The team at Brigham Young University in Utah turned to Wikipedia to educate their bot, Eve. They make the machine read the entire body of Wikipedia, a neural network scanning the text in small windows, centering on one word at a time, but also regarding what’s happening in the three or four peripheral words. From this, it learns to predict what words tend to appear alongside one another, and turns this data into what’s called a “vector representation.”

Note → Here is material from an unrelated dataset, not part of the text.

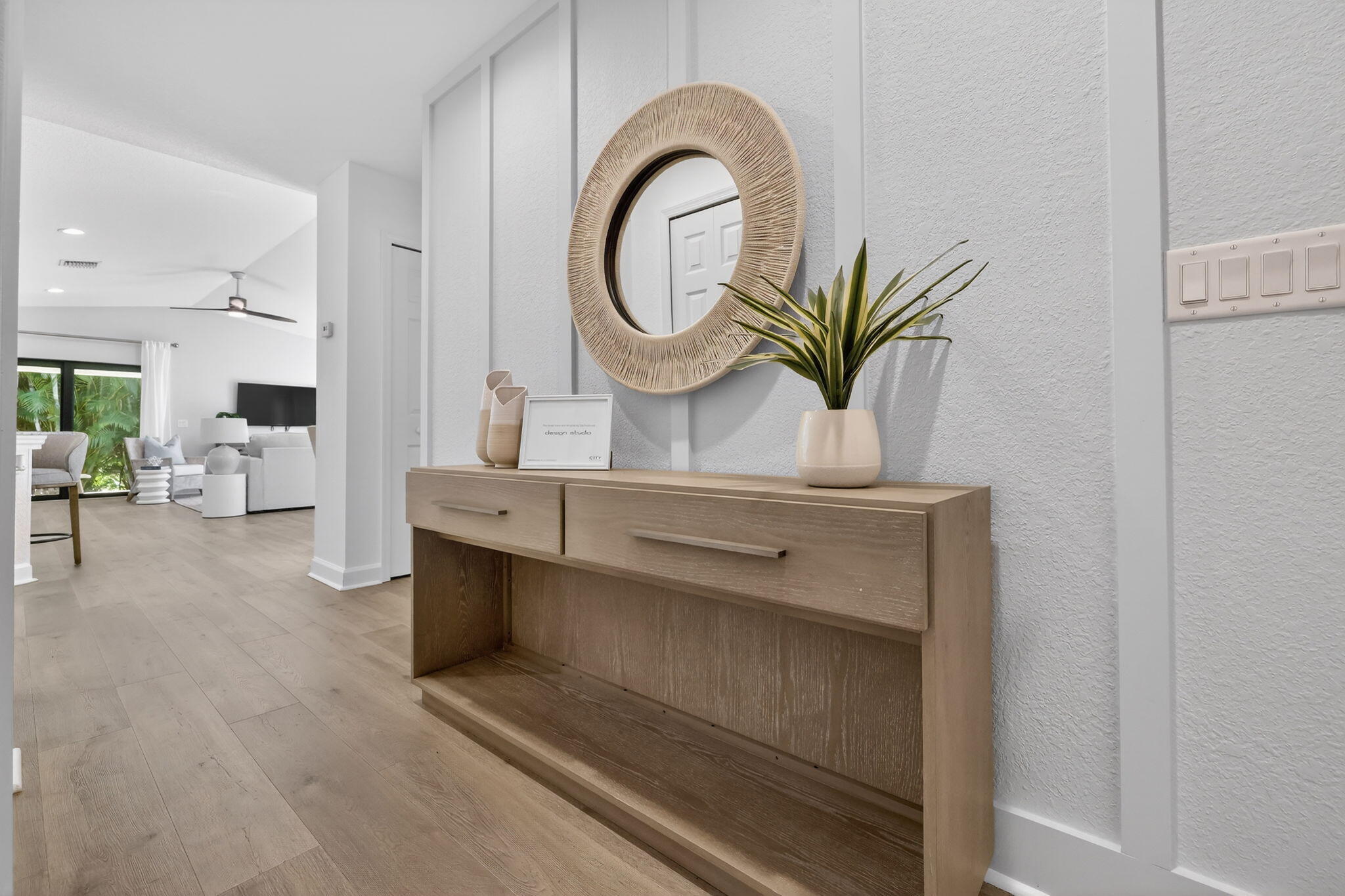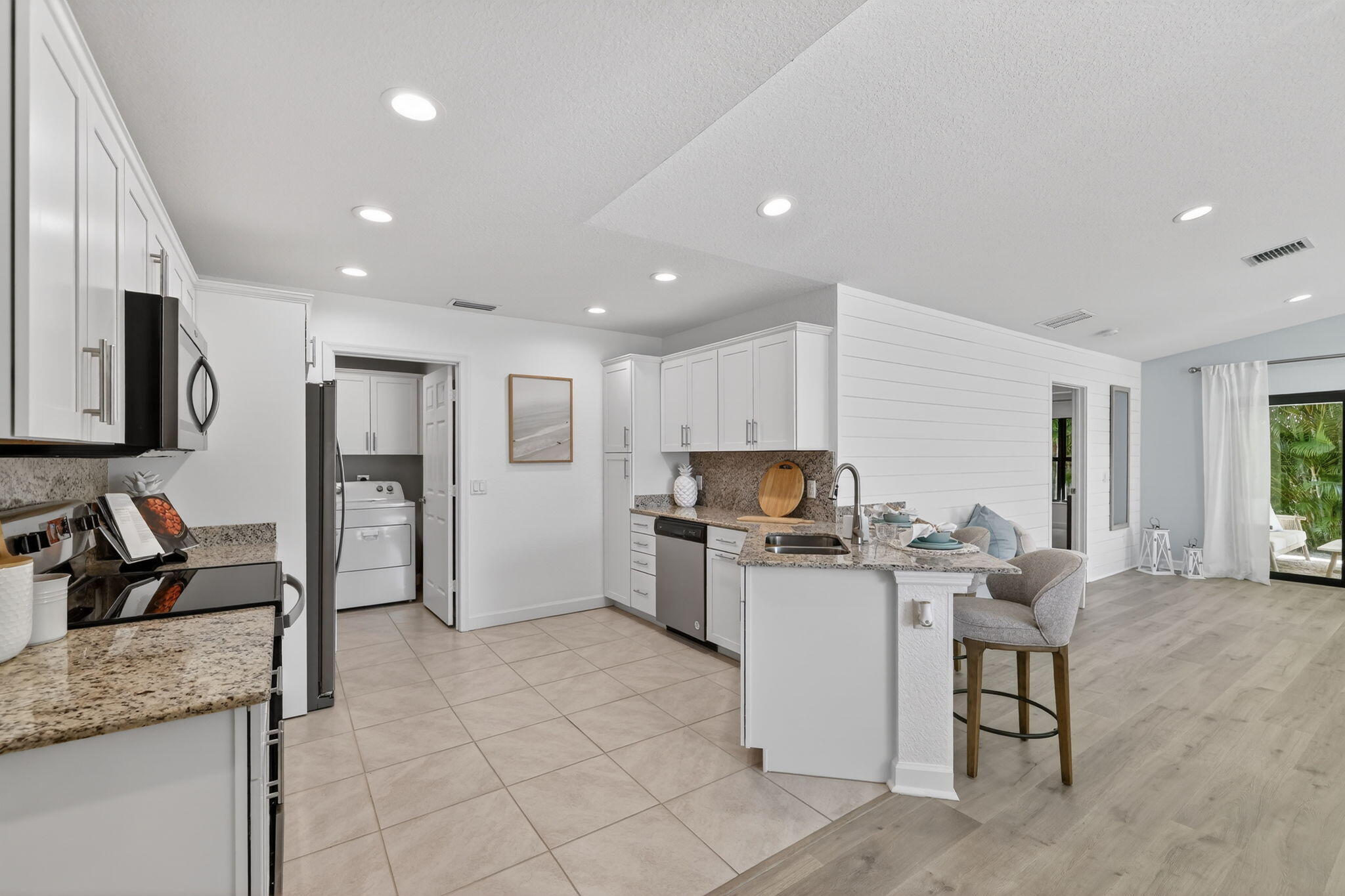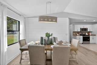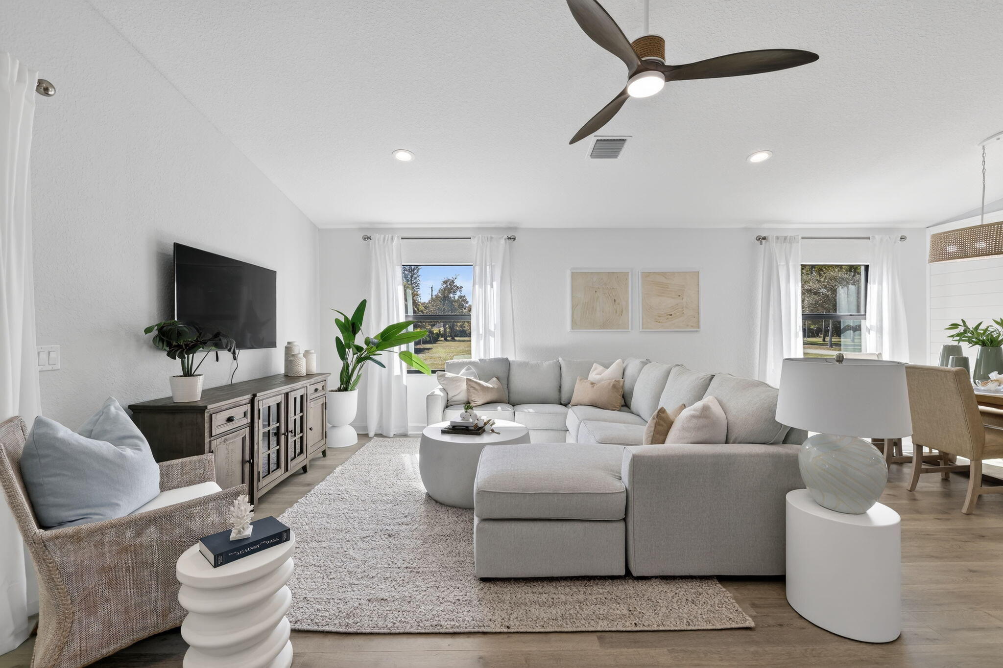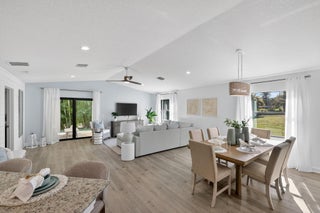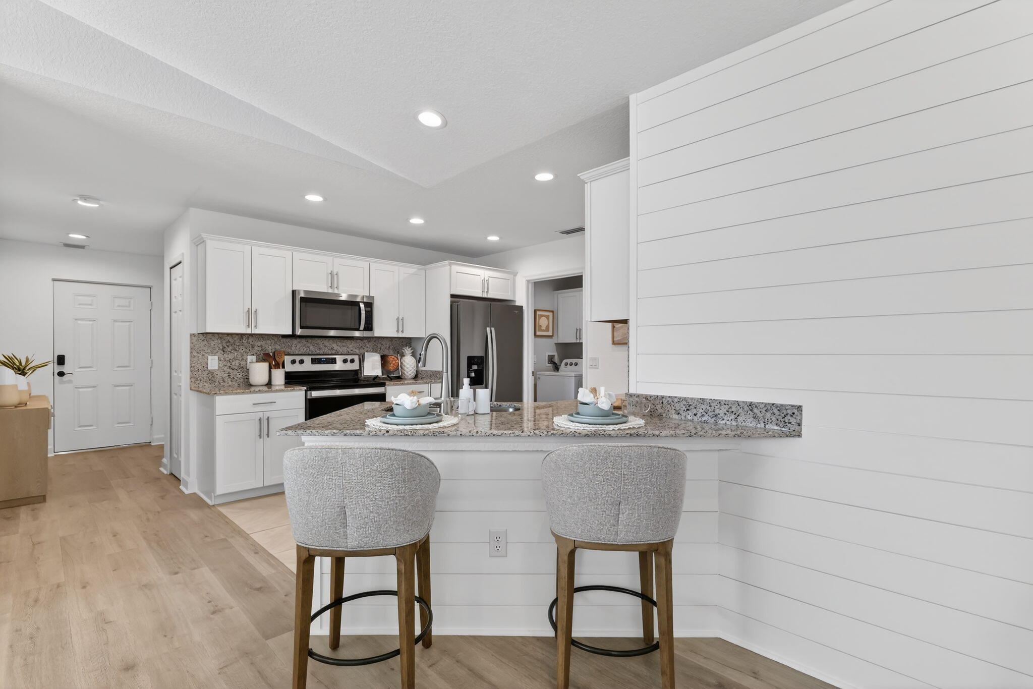 Discover true Florida living in the 2-bedroom, 2-bath Carlton model featuring a spacious layout, soaring vaulted ceilings, a covered front porch, and attached garage. Built with solid concrete block, this home boasts quartz counters, stainless steel appliances, and elegant finishes. The split-bedroom design ensures privacy while the open living area flows perfectly for entertaining. This move-in-ready home was built with 3/16th true plywood roof sheathing, hurricane tie straps, R-30 insulation, and hip roof designs ensuring big insurance premium discounts. Our homes also come equipped with energy efficient appliances, keypad door locks, a continuous quartz kitchen backsplash, plus durable and stylish 36-inch wood cabinets with a built-in pantry. Fixed Monthly Maintenance: $599/mo.

Nancy Fulda, BYU team member and vector representation expert, explains that the process works with the vectors functioning as points in an infinite space with hundreds of dimensions. The position of the vector gives it no meaning. Only its relationship to other vectors is useful information. “By looking at different words in this space, you can infer properties about them,” explains Fulda. “So words like ‘apple,’ ‘pear,’ and ‘orange’ are all going to be closely located to one another. While words like ‘disestablishmentarianism’ will be way off somewhere else.”
This essentially turns words into math, which, as you can imagine, is useful when trying to teach language to a computer. You can turn sentences into vector representations, and though this new technology is just starting to get developed at BYU, the team is hopeful that it will lead to AI training that doesn’t require human intervention. “I feel like every researcher has some [method] that is special to them,” says Fulda. “That thing where they’re like, ‘Oh man, I see all the possibilities!’ For me, embedding is like that. I look and embeddings and I think, ‘Oh my heck, this is phenomenal! This can do so much!’”
But the internet only gives you a catalog of text and word association. In order to do well in the competition, the BYU bot needed to be able to have a conversation. So the BYU team set up a campus-wide competition that asked students to submit conversation transcriptions and called it the Chit-Chat Challenge. The challenge guidelines were pretty loose, but transcripts weren’t allowed to include personally identifying information or topics that wouldn’t appeal to people outside the university. They scored transcripts based on length and originality, and the top entrants won prizes like an iPad and a MacBook Pro. BYU is a religious university run by the Mormon Church, so even though competitors were not to include anything involving religion, the students “share a worldview,” which creates a “more cohesive personality for the bot.”